The OSC asked if they could have an update on this work going forwards

 

Steph advised that the OSC was due to receive a briefing in relation to assisted technology in due course and an update on this work would be included in that.

 

The OSC noted that there are social tariffs for broadband and queried whether there were significant advantages and whether the Council was making people aware of this via places such as foodbanks.

 

Steph advised that there are many warm spaces which are promoted by the Council in partnership with others that have digital connectivity and this another reason for people to use those spaces. Steph stated that they are looking at the Council, Trusts and University who are all spending a great deal on devices and connectivity and how they can use social value to influence BT etc to give low or very low cost internet.

 

The OSC noted that during Covid home visits to provide oxygen monitors were linked with mental health first aid to combat loneliness and it was queried whether this could also be progressed via this work as there are some individuals who are attending GP practices due to loneliness rather than medical issues.

 

Steph advised that the Council was working with Edberts House around social prescribing to pick up those individuals who are approaching GP practices for social reasons rather than medical.

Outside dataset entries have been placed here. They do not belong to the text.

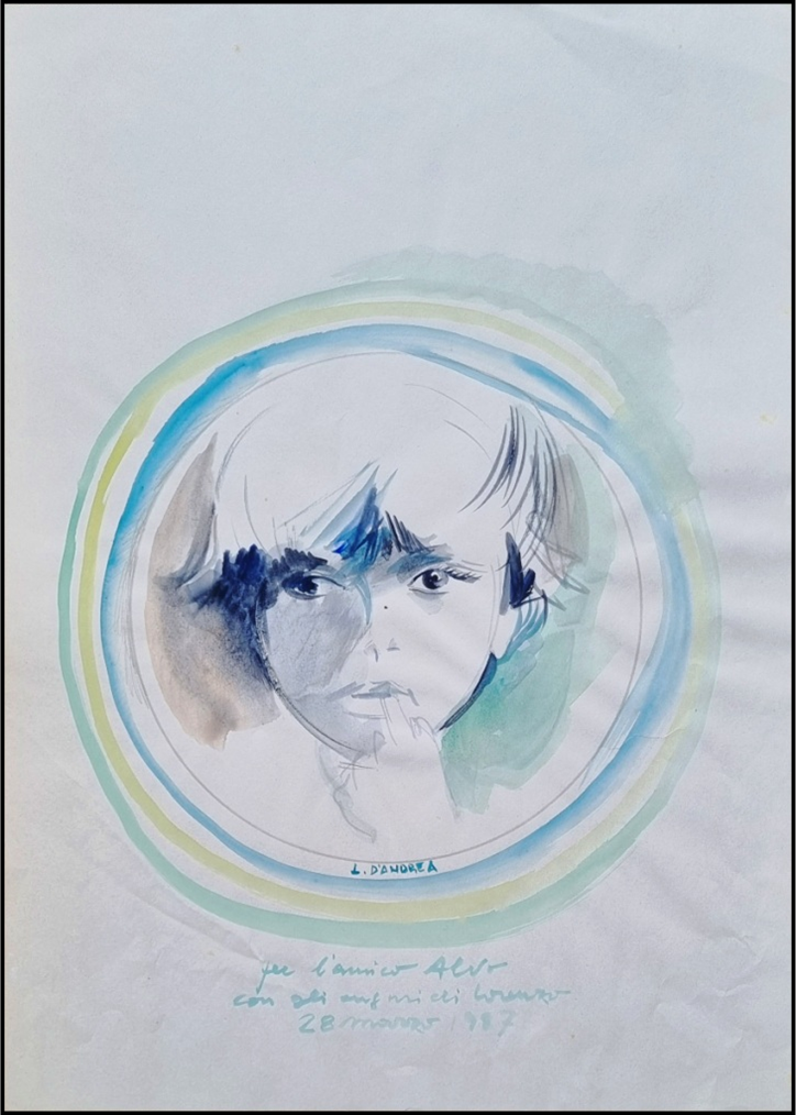 D'ANDREA LORENZO Lucca 1943 "Volto di fanciulla" Acquerello su carta cm 34x48 del 1987. Firmato e dedicato in basso al centro.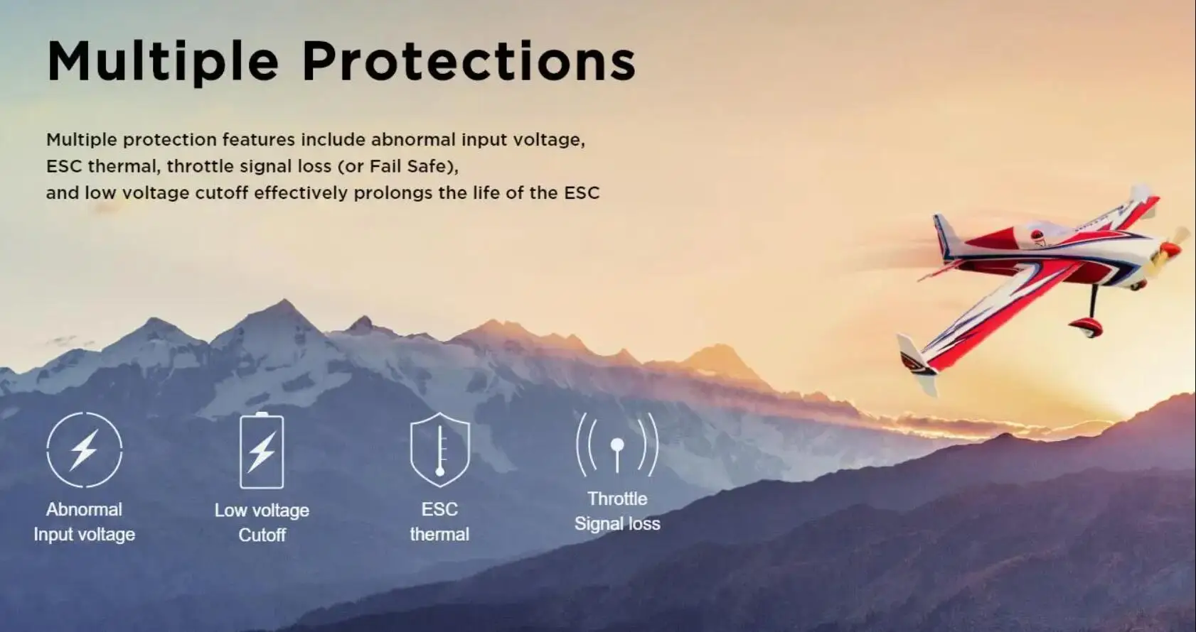 ESC thermal, throttle signal loss (or Fail Safe), and low voltage cutoff effectively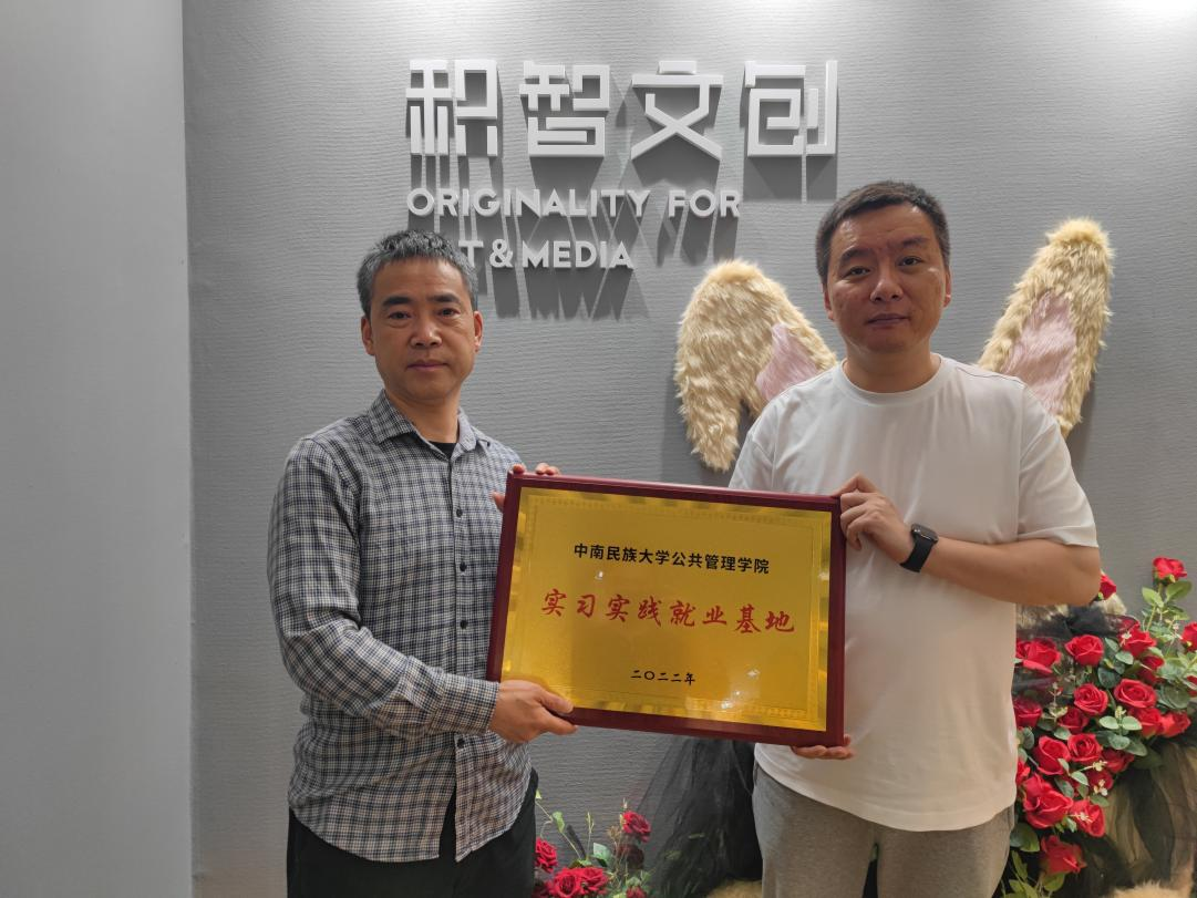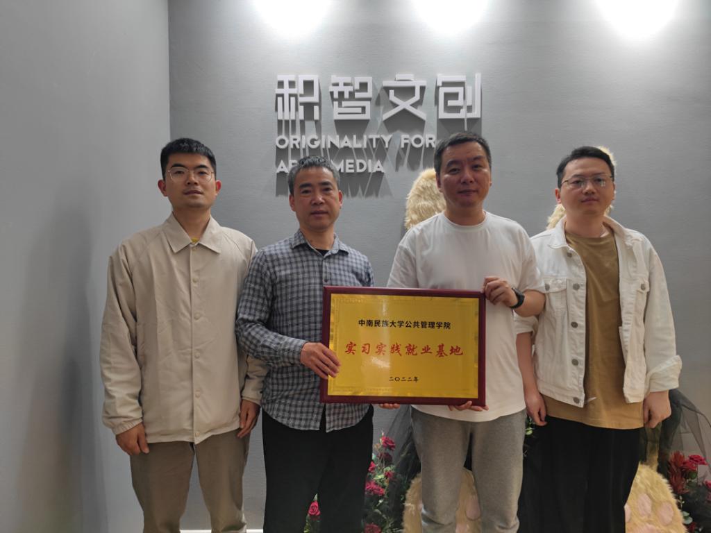 最后陳昌華書記代表公共管理學院為武漢積智文創傳媒有限公司授予“實習實踐就業基地”銘牌。
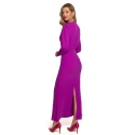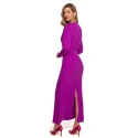 Okouzlující a jedinečné šaty pro zvláštní příležitosti. Hluboký výstřih a objemné rukávy zakončené manžetami s krytými knoflíky. Maxi sukně s jemným rybím copem a poutavým rozparkem na zádech vás potěší při pohybu. Šaty jsou bez podšívky a zapínají se na krytý zip.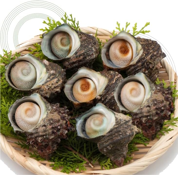 伊勢志摩の海の幸、【天然さざえ】です。 サイズは120g〜150gぐらいの、子供の握りこぶし程度の大きさのさざえが7個入っています。 大き目の【さざえ】は、お刺身やつぼ焼きにぴったりの大きさです。 身が取り出しやすいので、ガーリックバターなどで味付けして、お料理するのもおススメです。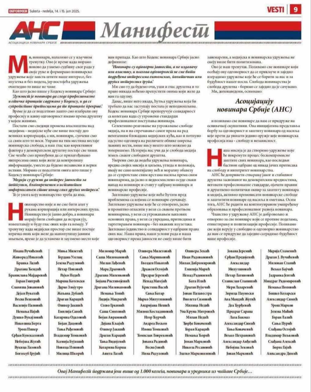 Oni tvrde da „ovaj Manifest podržava još više od 1.000 kolega, novinara, i urednika iz čitave Srbije“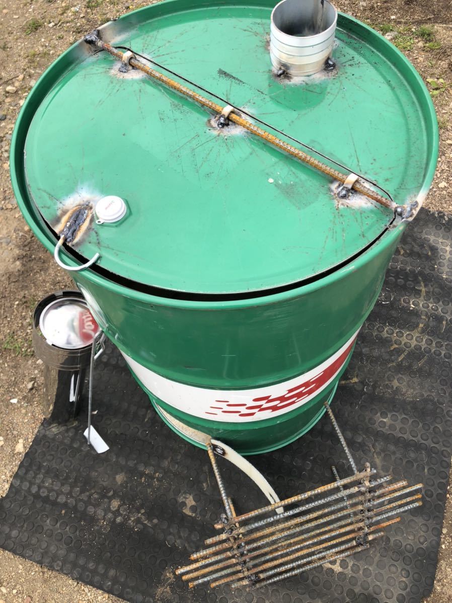 送料負担願います 未使用。鉄。中古の200Lドラム缶で作成。ロストル付。本体Ф56*h88、灰取口w25*h24。sステンレス煙突有。ふたあり、、灰とり棒付。灰取り口カバ―付。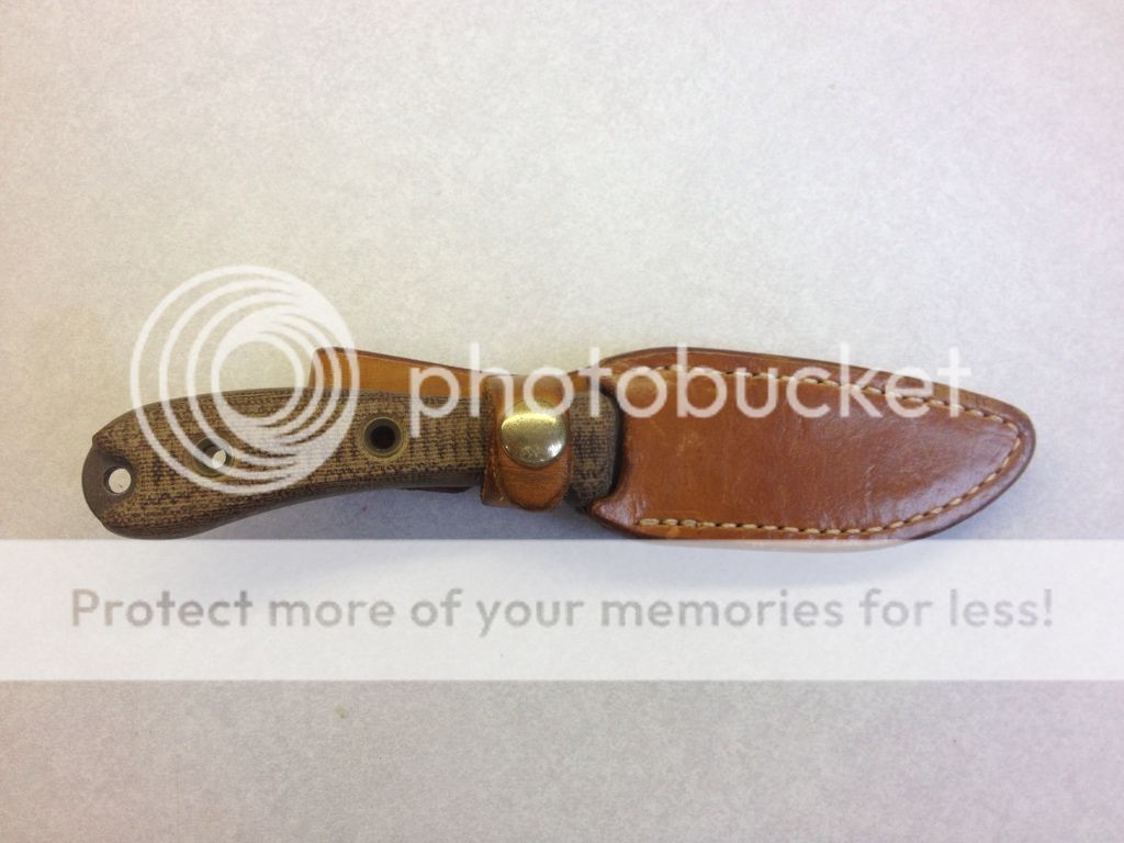 3. Swamp Rat Rodent Solution with sheath - SOLD - Stripped with tan handles - Includes a nice Armorall leather sheath which is aging nicely. One of my favorites, but I'm not using this one anymore. Carried and used frequently, but still in fantastic shape. I am the original owner and stripped and sharpened myself. It's been treated well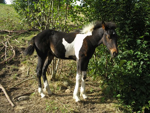 Her er to av våre søte små på stallen blitt litt større, ca 2 mnd. Connemara-hingsten er langbeint og slank, men Nordlands-hingsten er liten og rund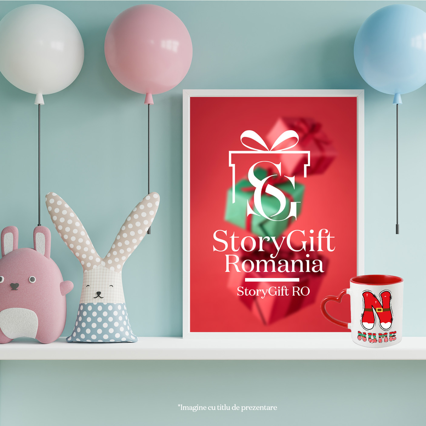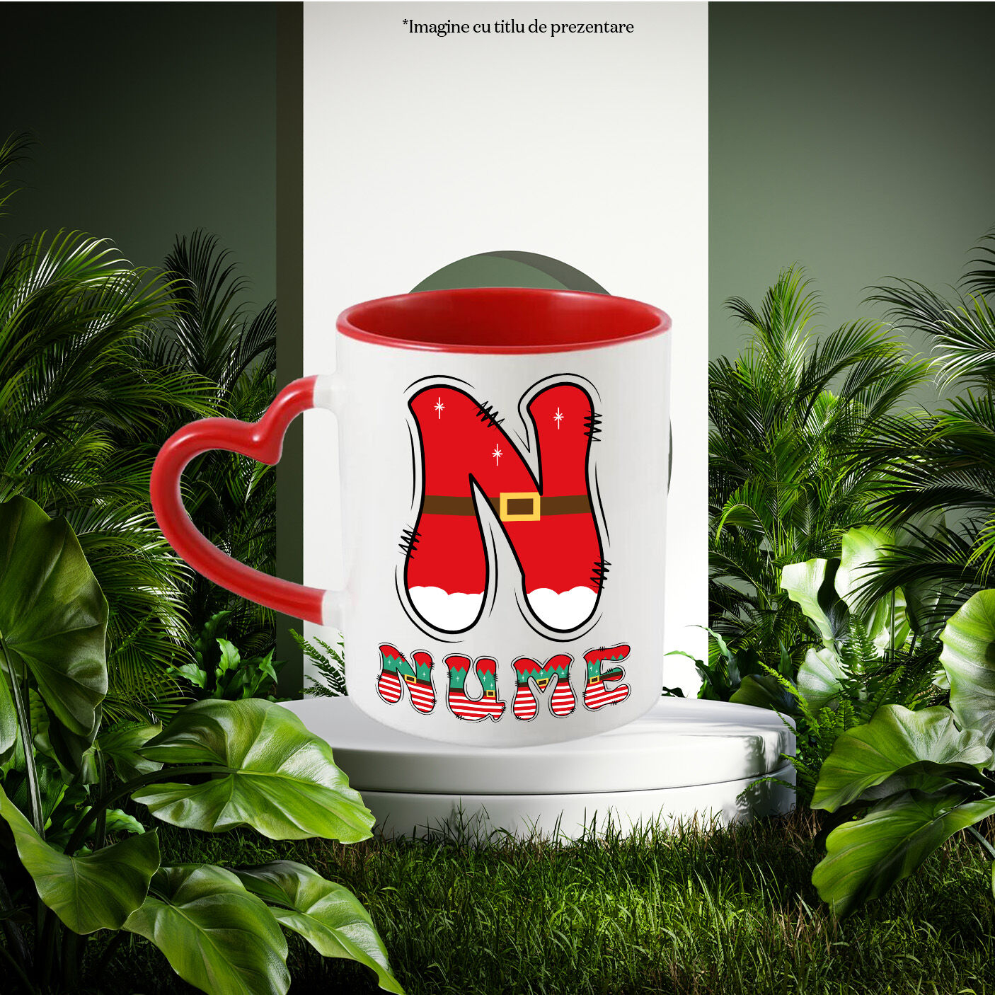 Cana Iubitorii De Craciun, Mos Craciun, Text Nume Personalizat, Copii, Culoare Rosu, alb, Verde, Cu Litera, 330ML, Ceramica, Cu Maner Inima Rosie si Interior Rosu

Steph also advised that they were working with Connected Voice who manage Our Gateshead to provide QR codes which can take individuals to the Our Gateshead website which details a wide range of support.

 

The OSC highlighted the issue of online scams as a potential reason for some individuals failing to use digital resources.

 

Steph acknowledged that this is an issue and that a key area is not just to teach people the skills to use technology but also how to stay safe on line so that they can use technology confidently.

 

 

RESOLVED                      That the views of the OSC be noted.